Your reason for caring about integral extensions seems backwards. Kummer did not care about rings of integers because $ \mathbf Z[\zeta_n] $ was one, he cared about $ \mathbf Z[\zeta_n] $ because it was the ring of integers of $ \mathbf Q(\zeta_n) $.
To illustrate how the ring of integers of $ K $ becomes a natural object of study, you may think of the prime ideals of $ \mathcal O_K $ as the finite places of $ K $, i.e as different nonarchimedean valuations on the number field $ K $. In that case, if you are given a nonarchimedean valuation, it is fairly easy to see that it has to restrict to a $ p $-adic valuation on $ \mathbf Q $. In addition, we may check directly that elements integral over $ \mathbf Z $ always lie in the unit ball of any such valuation. If we say that $ \mathcal O_v $ is the unit ball corresponding to the valuation $ v $, then clearly $ \mathcal O_v $ is a ring, and we may define
$$ \mathcal O = \bigcap_{v} \mathcal O_v $$
where the intersection is over all nonarchimedean valuations $ v $ of $ K $. (This definition recovers $ \mathcal O = \mathbf Z $ if we choose $ K = \mathbf Q $.) It turns out that $ \mathcal O $ is in fact the ring of integers of $ K $ in the usual sense. It is easy to see that $ \mathcal O_K \subset \mathcal O $, whereas checking the equality is a bit more involved. Nevertheless, this gives an intrinsic reason for why the ring of integers is a natural object to attach to a number field. The reason that $ \mathcal O $ turns out to be a fairly regular domain in our case is that the valuations in the number field case turn out to be discrete; one can see this using Newton polygons, for instance. Then, the components $ \mathcal O_v $ are discrete valuation rings and thus integrally closed, and so is their intersection $ \mathcal O $. In fact, by showing that the number field $ K $ has "enough" valuations through embedding it into $ \bar {\mathbf Q_p} $ for different $ p $, we can directly show that $ \mathcal O = \mathcal O_K $ without knowing that $ \mathcal O_K $ has unique factorization of ideals.
Why do we care about $ \mathcal O $? It is because, in some sense, $ \mathcal O $ has "all of the relevant information" about the arithmetic of the field $ K $. You may think of each $ \mathcal O_v $ as capturing a piece of the behavior, and taking intersections allows you to capture all of it in a single subring of $ K $. If $ \mathcal O $ was any smaller than it was here, then we would once again lose sight of the behavior of primes dividing the conductor of this order. For instance, the subring $ \mathbf Z[\sqrt{5}] $ of $ \mathbf Q(\sqrt{5}) $ gives us incorrect information about the behavior of $ 2 $ in this field: it tells us that $ 2 $ should be ramified, while it is not.

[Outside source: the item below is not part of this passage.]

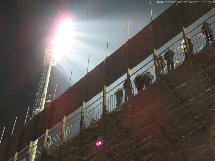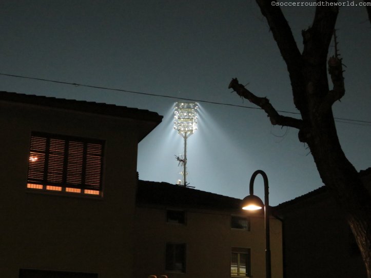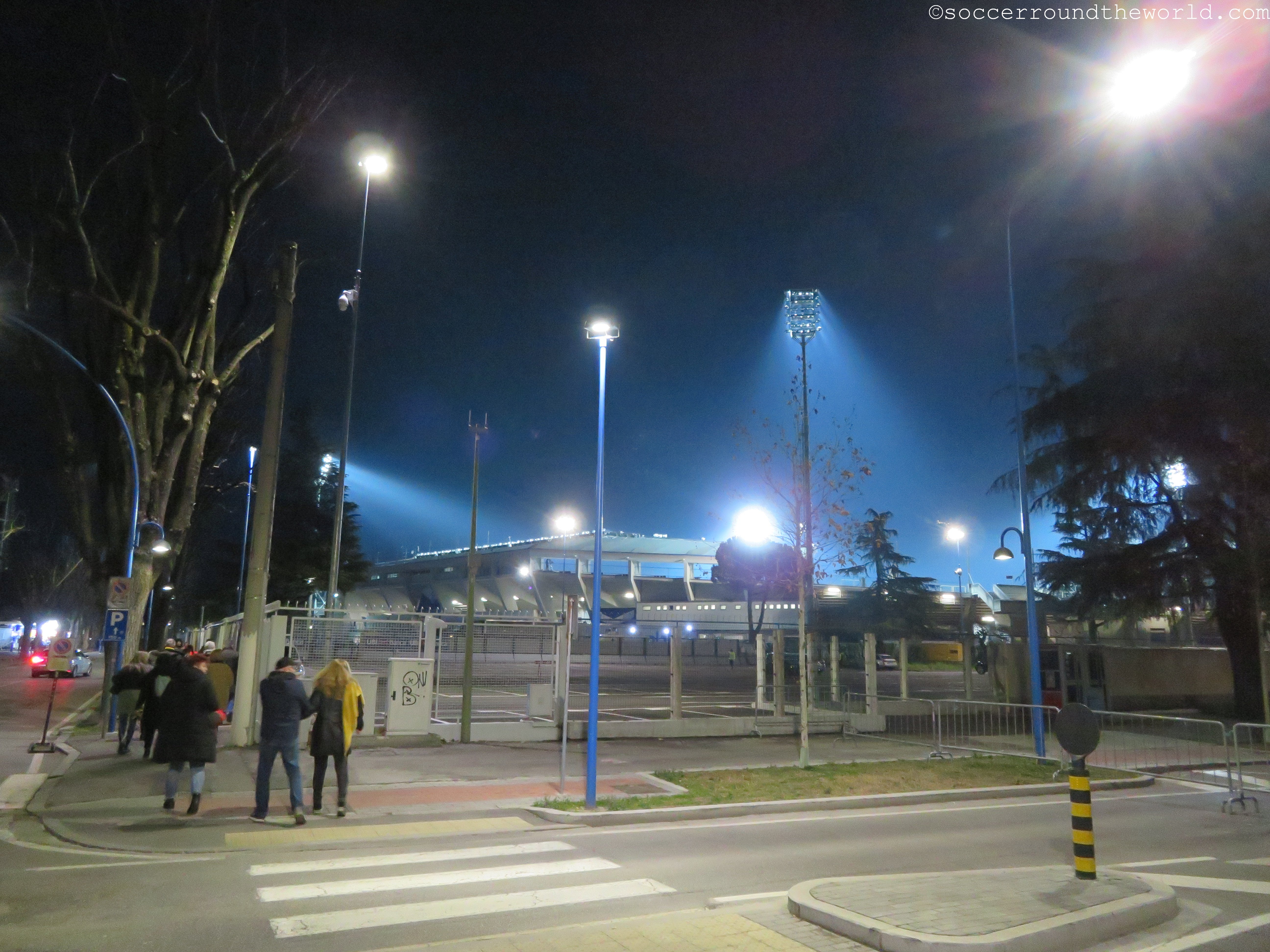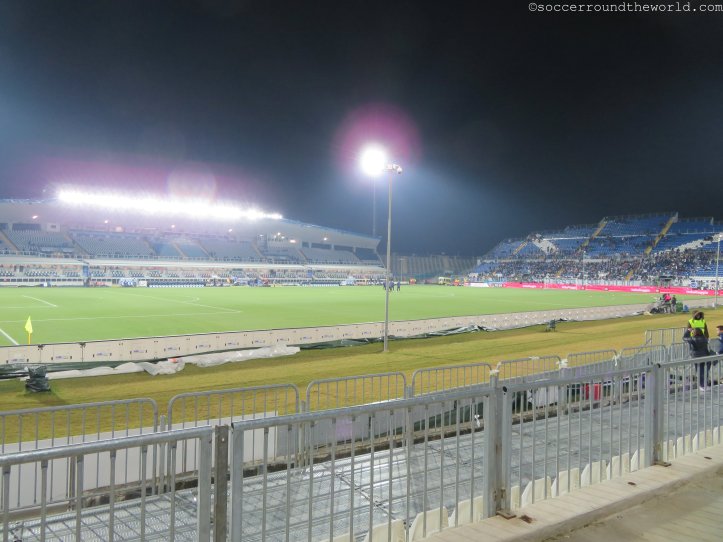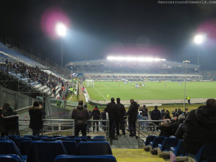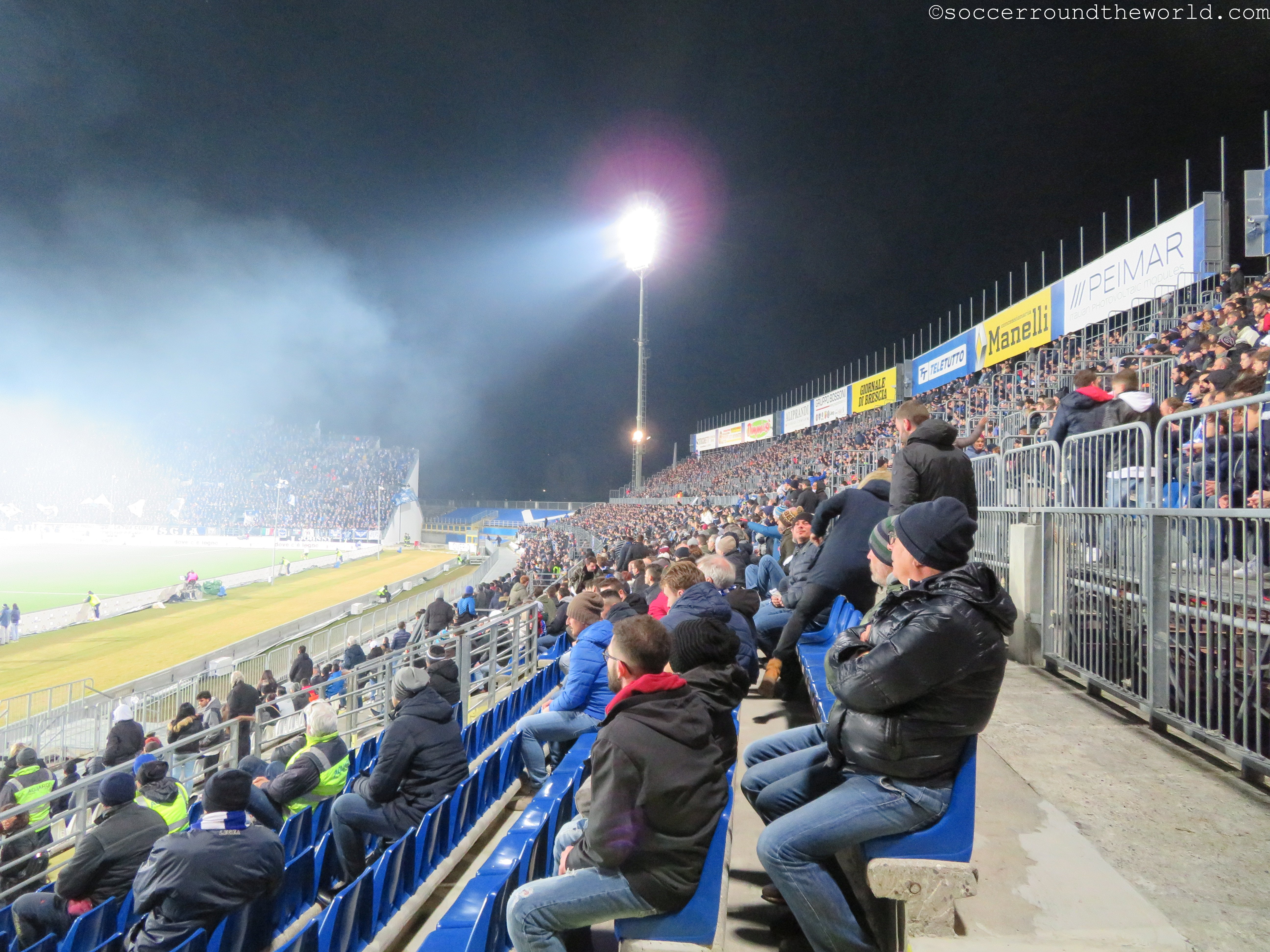 Zum Stadion geht es gemütlich mit der U-Bahn, die es hier seit 2013 gibt und neben Mailand die einzige in der Lombardei ist. Schon von außen erkennt man den bestenfalls als provisorisch zu beschreibenden Zustand der meisten Tribünen. Bis auf eine bestehen alle aus Stahlrohrkonstruktionen, in sehr vielen Ländern wäre dies wohl in dieser Form nicht für die höchste Klasse zugelassen. Auch sonst lässt die Infrastruktur zu wünschen übrig: Meinen auf der Karte aufgedruckten Sektor gibt es so zum Beispiel gar nicht – und auch die Ordnungskräfte raten eher, als sie wirklich eine fachkundige Auskunft geben können. Und bei dieser Rätselrallye vor dem Spiel bin ich bei Weitem nicht der Einzige an diesem Abend. Vielfach endet sie schließlich bei freier Sitzplatzwahl.

Another way to justify the integral closure property is that if a domain has unique factorization of ideals, it is necessarily integrally closed (in fact, it is necessarily a Dedekind domain), as it must locally be a DVR everywhere, and integral closure is a local property. In this sense, to recover a weaker version of unique factorization requires us to impose the condition of integral closure on our ring, which we may again think of as a regularity condition. As the two other conditions for Dedekindness are always satisfied for finitely generated (over $\mathbf Z$) subrings of $ K $, we may take any integrally closed, finitely generated subring and work with it. If we try to take the largest such subring, this must be the integral closure of $ \mathbf Z $ in $ K $.
The short answer to your question is that we don't really care about integral closure in itself, but integral closure (like smoothness) turns out to be a regularity condition that's necessary for your objects to be sufficiently well behaved (in this case, subrings of $ K $ which have unique factorization of ideals). Integral extension, on the other hand, is often the "right" amount to extend the ground ring (precisely, this is the case if every valuation of the ground field extends to a valuation on the larger field, as it is with $ \mathbf Q $ and $ K $) if we care about understanding local behavior.